The problem may just lie in the fact that you are upcasting instead of using a new object, as in:

code:
ExtendableThing foo = new BlueThing();
System.out.println(foo.getAggregateDescription());

foo = new ShineyBlueThing();
System.out.println(foo.getAggregateDescription());
I'm not sure if this is some requirement that it has to be able to do, but if you are just going to be instantiating objects of it's subclassed types it should be ok?

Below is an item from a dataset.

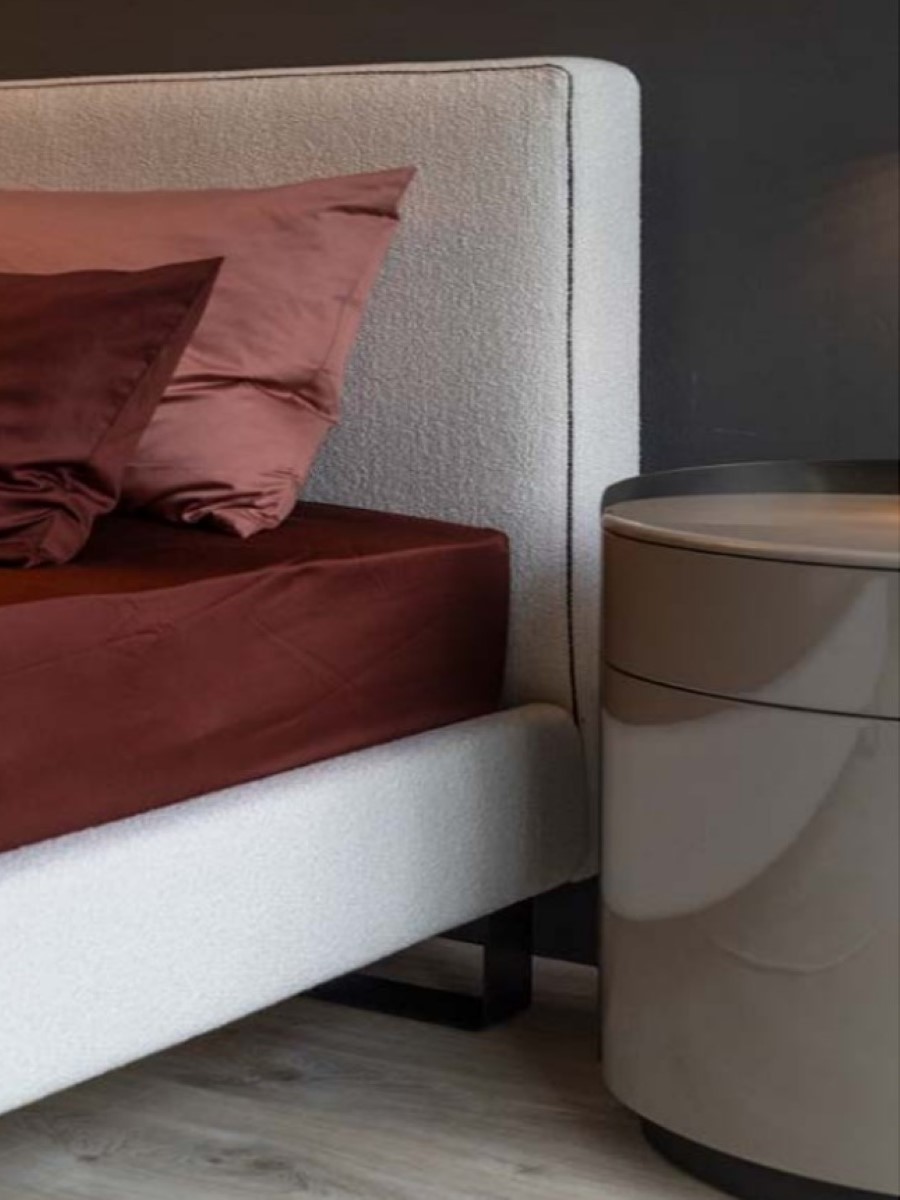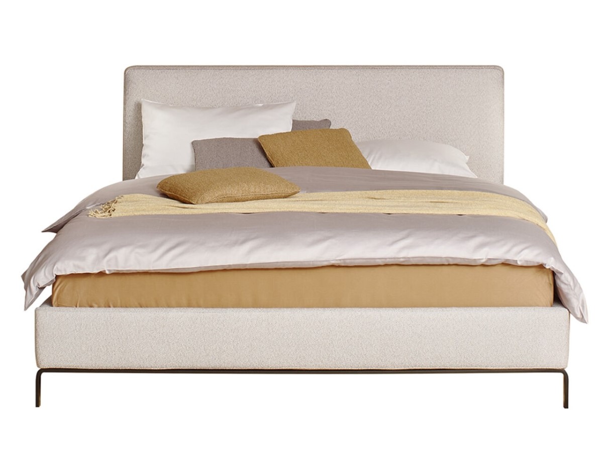 Подчеркнуто простые геометрические формы + селективные обивки премиального качества и изысканные детали — идеальная комбинация для спальни в стиле минималюкс и «тихая роскошь». Вшитая в швы изнутри контрастная репсовая лента подчеркивает идеальные линии строчки и элегантный силуэт спинки. Мягкая двуспальная кровать Chiara на металлическом основании-скобе стандартно предлагается в 6 популярных размерах: со спальным местом шириной 120, 140, 160, 180 и 200 см. Высота спинки — 97 см, опционально — высота 107 см. Возможно изготовление кровати длиной 210 или 220 см, ширина спального места 90 или 100 см. Каркас кровати — массив натурального бука, обтянутый мягким слоем холодной пены. При ширине кровати >160 см кровать поставляется в дополнительной царгой и подпорной ножкой. Цвета ножки-скобы: черный матовый, rauch braun, хром. Варианты обивки: букле, микровелюр, рогожка, твид, ткань с плетением шанель, натуральная кожа, шенил, рогожка-шенил. Производство: Christine Kroencke, Германия.

Also stupid little thing but I don't think:

code:
  if (getClass() == ExtendableThing.class)
  {
    return "";
  }
should be needed since you can't instantiate ExtendableThing in the first place.

Edit: Jesus christ, sorry this post is all over the place :|

Twitchy fucked around with this message at 23:47 on Apr 24, 2008

Save the whales
Aug 31, 2004

by T. Finn
I think I've got it! At least, this solution appears to work. I avoid the problem of the method being overwritten by declaring new instances of the super classes and abandoning recursion.

code:
public String getAggregateDescription()
{
  StringBuilder sb = new StringBuilder();
  Class c = getClass();
  boolean first = true;
    
  try
  {
    while (c != null)
    {
      int mod = c.getModifiers();
      
      if (Modifier.isAbstract(mod) || Modifier.isInterface(mod))
      {
        break;
      }
      
      if (first)
      {
        first = false;
      }
      else 
      {
        sb.append(", ");
      }
      
      Object o = c.getConstructor(new Class[] {}).newInstance(new Object[] {});
      sb.append(c.getMethod("getDescription").invoke(
          o, new Object[] {}));
      c = c.getSuperclass();
    }
  }
  catch (Exception e)
  {
    //do nothing
  }
  
  return sb.toString();
}

Twitchy
May 27, 2005

Save the whales posted:

I think I've got it! At least, this solution appears to work. I avoid the problem of the method being overwritten by declaring new instances of the super classes and abandoning recursion.

I actually thought of something like that aswell, whether it's usable depends on how often it'll be called, and any memory restrictions etc, since it's hacked together code. Another option would be to make the getDescription() static, since it looks like the value would be a constant anyway. It would also mean you wouldn't clutter up space with immediately discared objects. Just food for thought. That would have to be a stated requirement though, so if it wasn't implemented it could cause trouble.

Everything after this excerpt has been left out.